ЭНЦИКЛОПЕДИЯ ЗЕМЛИ ВЯТ-СКОЙ
Опубликовано в журнале Новый Мир, номер 8, 1995
МАРК ФРЕЙДКИН. Опыты. М. “Carte blanche”. 1994. 398 стр.
Эту книгу я прочитал залпом и, пока читал, все восхищался и никак не мог понять, что же я, наконец, читаю, что же это за поток такой льется на меня, почему я обезоружен?! Это другая книга, совсем не такая, как прочие, она живая в полном смысле слова, потому что автор является героем, а герой автором, как будто в окно больничной палаты вошел к тебе Мастер и начал свой сокровенный рассказ. О чем? Обо всем, что придет на ум, без подготовки, без задней мысли, все как на духу. Все ли? О, есть такие тайны в человеке, что о них под дулом пистолета не расскажешь! Исповедь невозможна. Может быть, поэтому Марка Фрейдкина потянуло в эту степь невозможностей?

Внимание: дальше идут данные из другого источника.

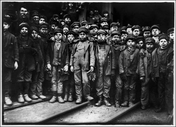 Diambil oleh Lewis W. Hine, seorang fotografer Amerika. Foto ini menunjukkan kondisi pekerja anak dan kehidupan keras orang-orang di tambang batu bara yang terletak di selatan Pittson, Pennsylvania. Foto: 121clikcs

Без всяческих приемов, без героя-посредника, о себе, от первого лица: “…с 16 лет состоял на учете в психдиспансере”! Да кто же об этом вслух говорит, а?! Дорогой Марк Ильич, у нас так не принято о себе рассказывать. А он продолжает: “Меня признали сумасшедшим, и это пригодится мне на всю жизнь!”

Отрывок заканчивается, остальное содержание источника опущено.